The egg in the middle belongs to the egg from the other pigeon. So the other egg laid by the other pigeon is missing. I know that because those 2 eggs had these dropping marks on them, while this pigeon's eggs have been clean.

We do NOT have Hawks in our area, and certainly no raccoons or opossums in this country.
And I don't think anyone else would have thrown an egg away from my family.

There was no broken shell or any trace of it being destroyed in the nest. 

What could have happened? 

Oh, and what kind of pigeon is this? 

I would like to tame one of the babies and I have heard that I can interact with the babies after they are a week old?

And how should I tame one of them? I'd like for one of the baby pigeons to stay with me.


----------



## Jaysen

That is a feral pigeon. Likely descended from a domesticated species. 

A snake would take an egg and leave no evidence. Although on the 13th floor that would be impressive. At least here it would be.


----------



## Rashu712

Jaysen said:


> That is a feral pigeon. Likely descended from a domesticated species.
> 
> A snake would take an egg and leave no evidence. Although on the 13th floor that would be impressive. At least here it would be.


Hahaha yes, that would be very impressive, but scary too. *_*

There aren't any snakes in the city either.


----------



## Jaysen

You might be surprised. Snakes are very versatile and can hide quite well. A pigeon egg is small enough for just about any mature snake to get down.

Domesticating one of those birds won't be too hard. You can handle it after about a week. How to go about it is something that I am not sure I should discuss as I would apply what we do for racing to this bird. One of the feral rescue folks would be better at advising you.
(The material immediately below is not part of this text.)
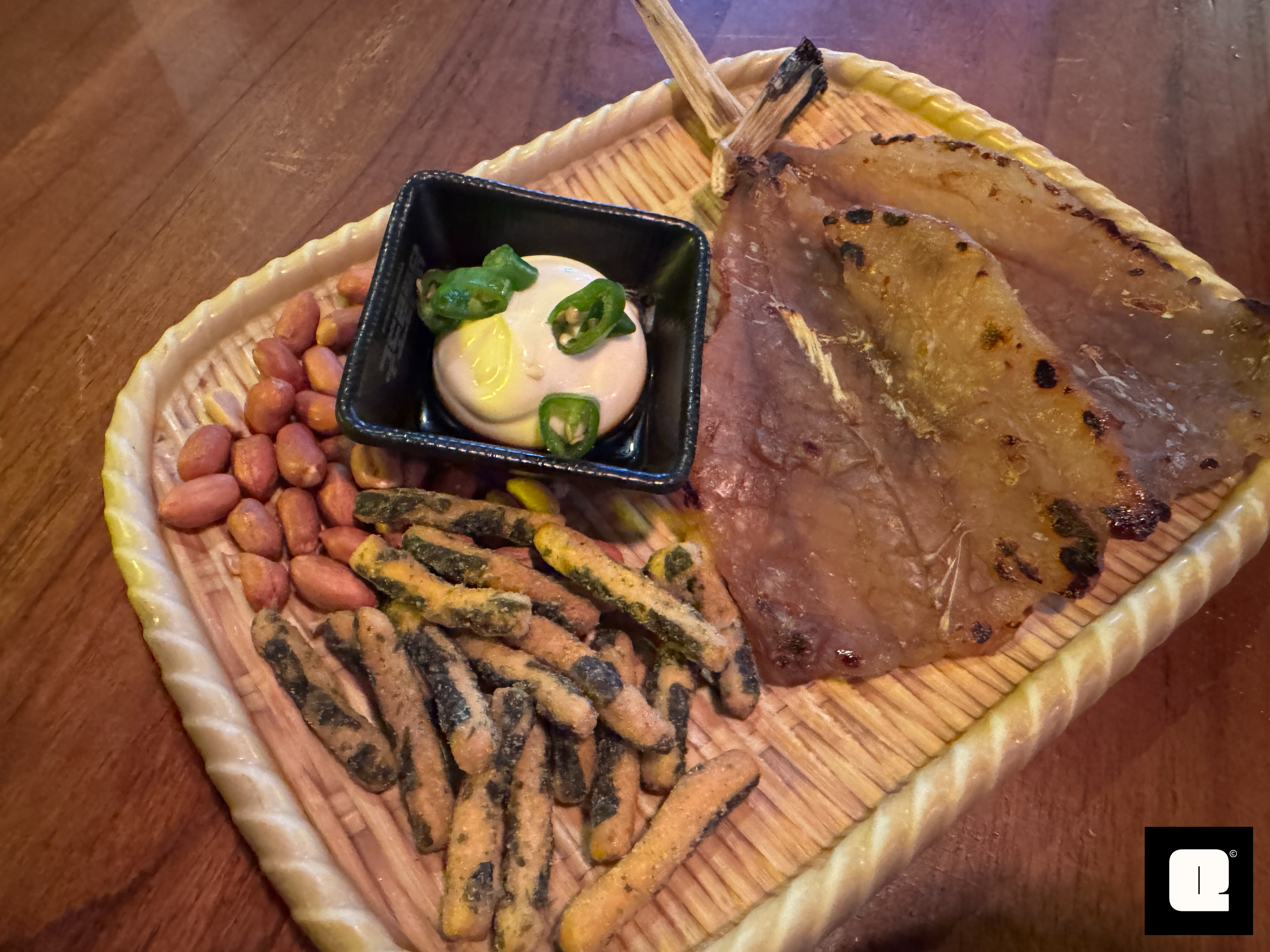 옆에 땅콩과 과자가 같이 나와서 술 마시며 집어먹기 좋다.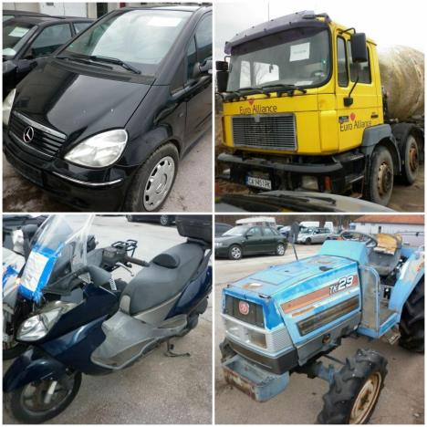 U ponudi je 33 automobila, šest motocikala, jedan četvorocikl, 12 raznih delova za motorna vozila (šasije i motori), jedan traktor sa frezom i dva kamiona (mikser i tegljač), koje možete pogledati na stranici https://licitacije.carina.rs/#/

One thing that you want to keep in mind is that you only feed these guys grains. No processed foods like bread. Start them off healthy and you will enjoy it more.


----------



## Feefo

We had the mystery of the disappearing egg with two of our nesting pigeons: no snakes or predators, they were in a cage indoors...very puzzling, specially when the egg turned up again broken! Then another egg disappeared and we found the answer: it had stuck to the hen's body when she was brooding it and either broken before it stuck or afterwards. I have seen feral pigeons in the city flying around with an egg stuck to them, I think this is what could have caused your egg to disappear.

Are you going to let the three remaining ones hatch? The parents might find it difficult to feed three.


----------



## Rashu712

Thanks, but I'm pretty sure we don't have snakes here...so I'm still not sure where the other egg disappeared to.


----------



## Dobato

Rashu, please have a look at Feefo's post, as I agree with what she has said, as this has happened to me. I found a hen with an egg stuck to her caused by a small crack, where the egg albumin leaked out, dried to the hen's feathers and acted as a glue attaching the egg to the hen's rear.

Karyn


----------



## swagg

I agree it stuck to the hen. Have seen it before myself


----------



## Rashu712

I tried to get close to the mother, but she flew off twice, and from what I could see of her, there was no egg attached to her...so it probably fell of elsewhere.


----------



## Skyeking

Do you have any squirrels or other rodent type animals around?


----------



## Jaysen

Not sure where you are, but see if you can pick up a deep foil baking pan from the grocery store. You want the 9x9 that is 4" deep. Fill it with tepid water from the faucet and leave it where the bird can find it. She will use it to bathe in. Let her do that every couple of days. That should help with egg issues as well as with any feather parasites. You may want to consider adding some additives as well, but again, I am not 100% on what is best for ferals.


----------



## Rashu712

Trees Gray said:


> Do you have any squirrels or other rodent type animals around?


No, we don't.

I do own 2 mice, but they're locked in my room.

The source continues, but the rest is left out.